* **PROBLEM DETAILS**
Copy the lines below exactly, starting with the first and finishing with the one holding "keep house details"; do not copy the pictures.

============================================================

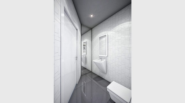 تناقضات بيضاء نقية مع بعض السواد . تركيب مصابيح في السقوف وألواح الجدران، شكل متعرج في كثير من الأحيان لخلق الوهم بأنهم داخل سفينة الفضاء.
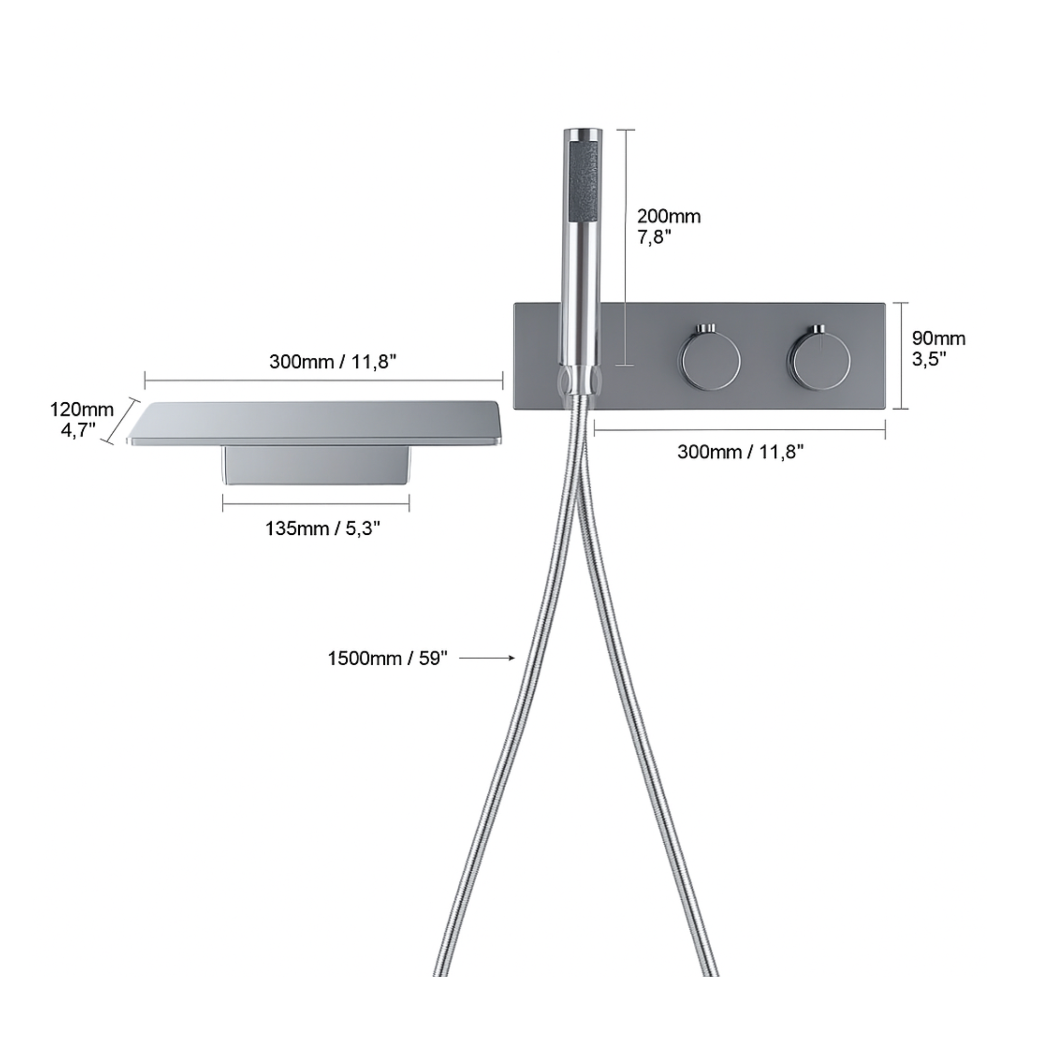 Colonne de bain et de douche thermostatique en finition chrome, équipée d'une douchette à main au design épuré et d'un bec verseur pour baignoire extra plat. Ce bec verseur est indépendant du reste des poignées de commande, ce qui vous laissera libre choix de la positionner à l'endroit idéal pour votre installation. Il sert également de tablette pour votre savon.
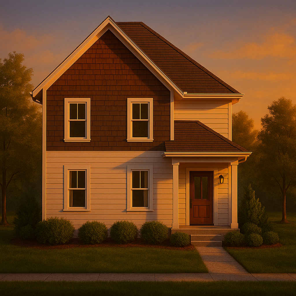 keep house details the same but make it seem like the home is in a neighborhood with similar houses and make the sizing ratio closer to 1184 x 864px change to realistic daytime color rendering
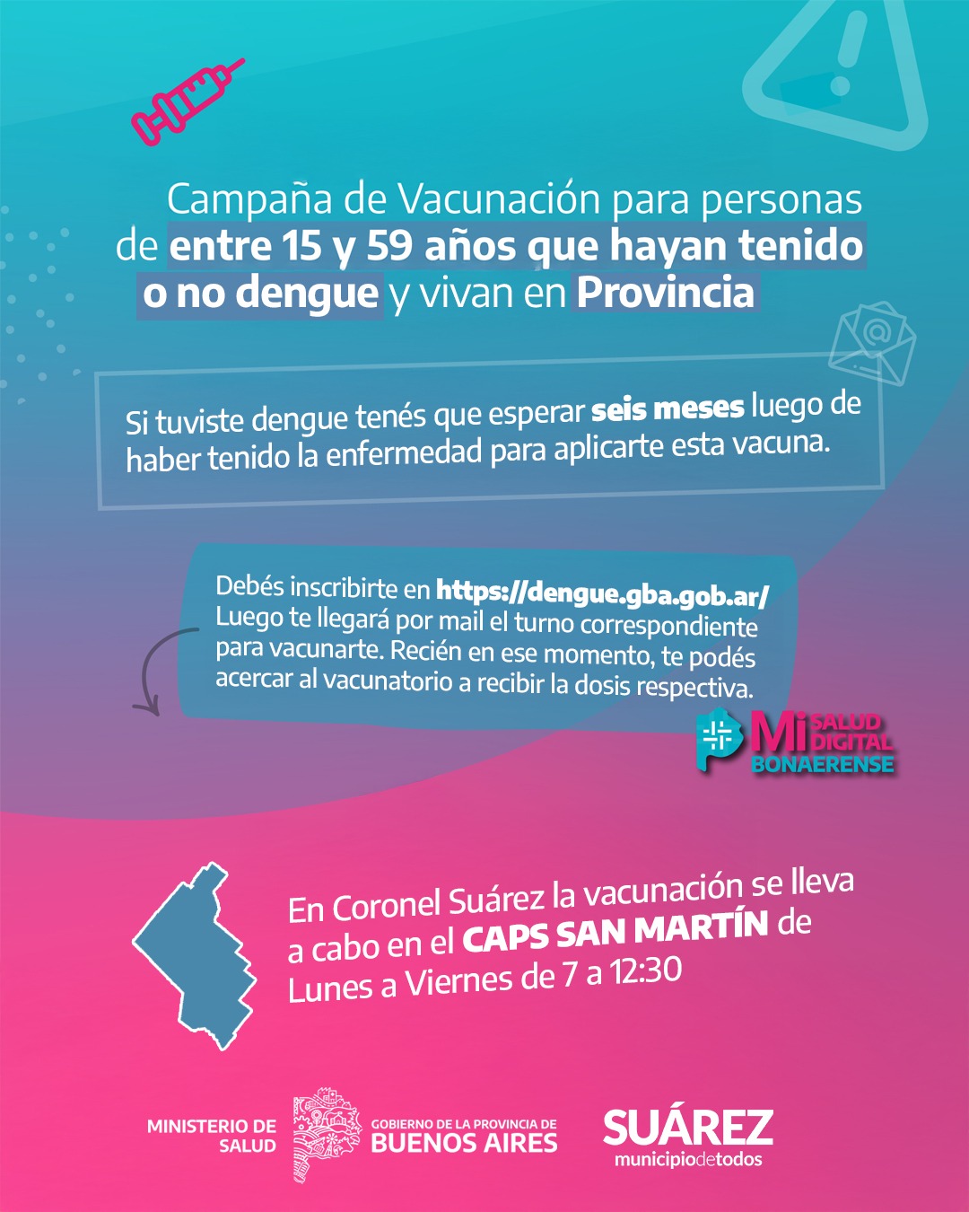 Debés inscribirte en Mi Salud Digital Bonaerense https://dengue.gba.gob.ar/ Luego te llegará por mail el turno correspondiente para vacunarte. Recién en ese momento, te podés acercar al vacunatorio a recibir la dosis respectiva.
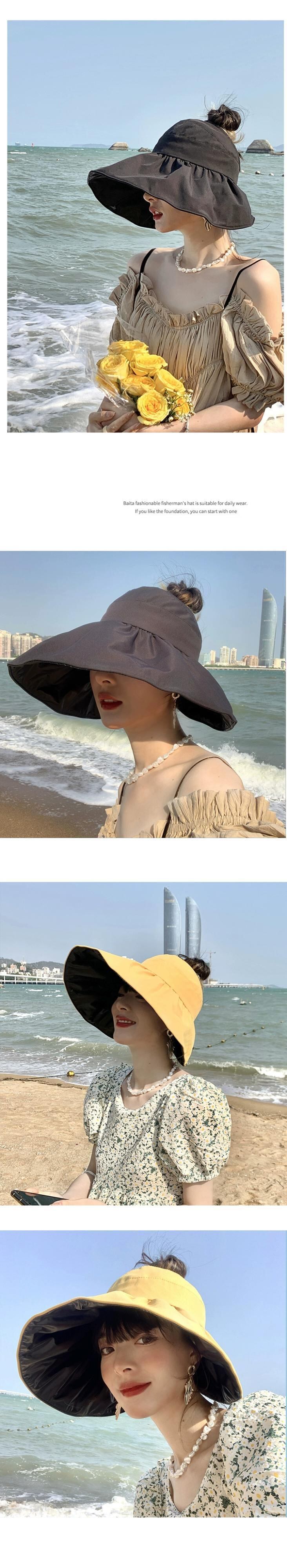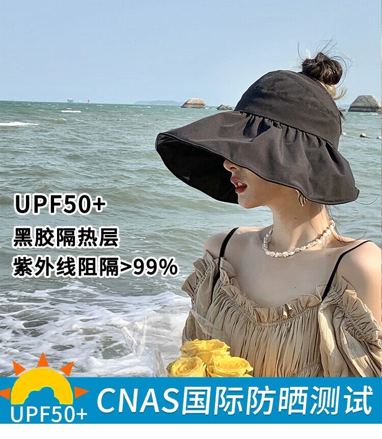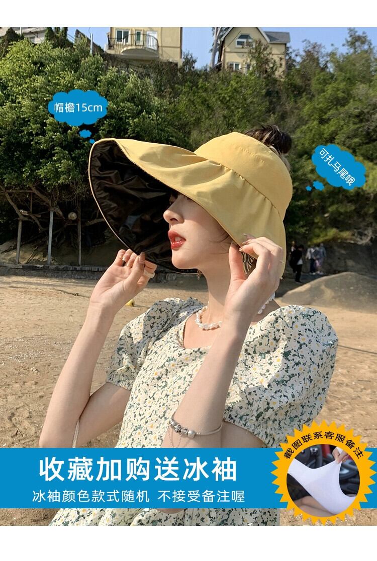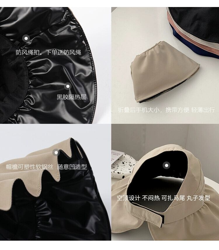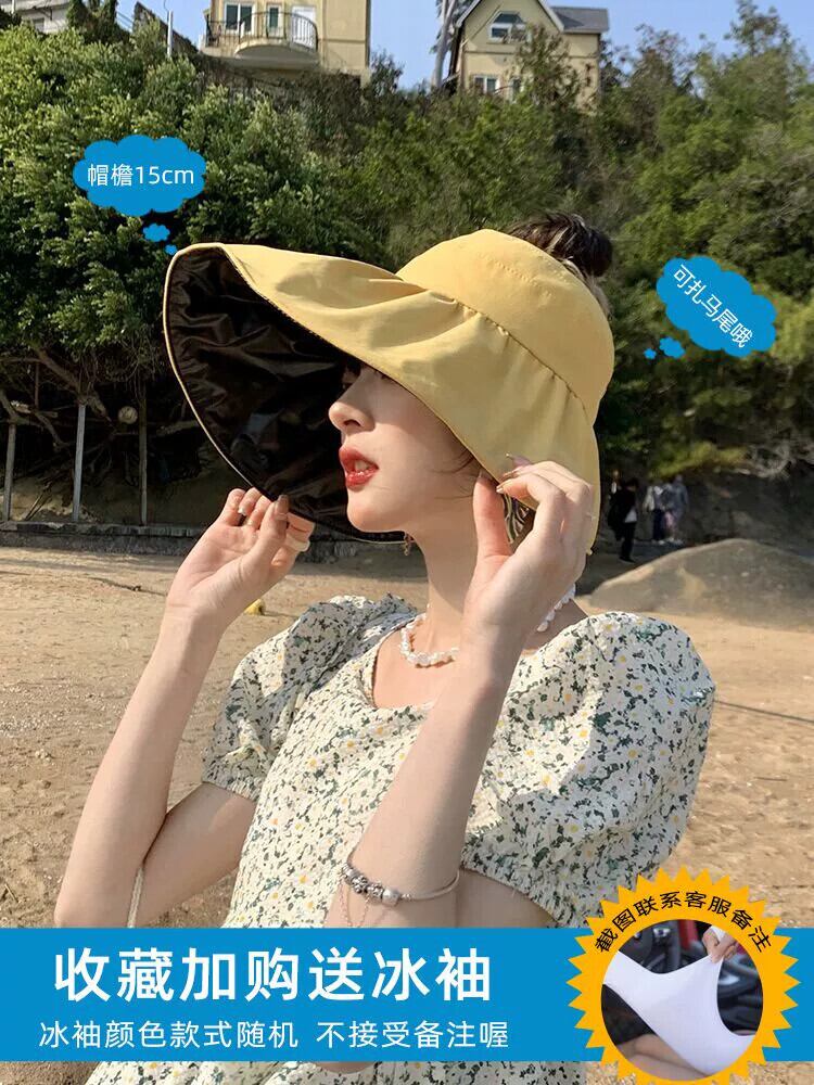サンバイザーハット女性用日焼け止め大きなつば帽子空のトップUVサンハットは、トップサマーハットなしでポニーテールを結んで顔を覆うことができます。 夏物 15dd32646030773

============================================================

* **COMPLETED TASK**
 تناقضات بيضاء نقية مع بعض السواد . تركيب مصابيح في السقوف وألواح الجدران، شكل متعرج في كثير من الأحيان لخلق الوهم بأنهم داخل سفينة الفضاء.
 Colonne de bain et de douche thermostatique en finition chrome, équipée d'une douchette à main au design épuré et d'un bec verseur pour baignoire extra plat. Ce bec verseur est indépendant du reste des poignées de commande, ce qui vous laissera libre choix de la positionner à l'endroit idéal pour votre installation. Il sert également de tablette pour votre savon.
 keep house details the same but make it seem like the home is in a neighborhood with similar houses and make the sizing ratio closer to 1184 x 864px change to realistic daytime color rendering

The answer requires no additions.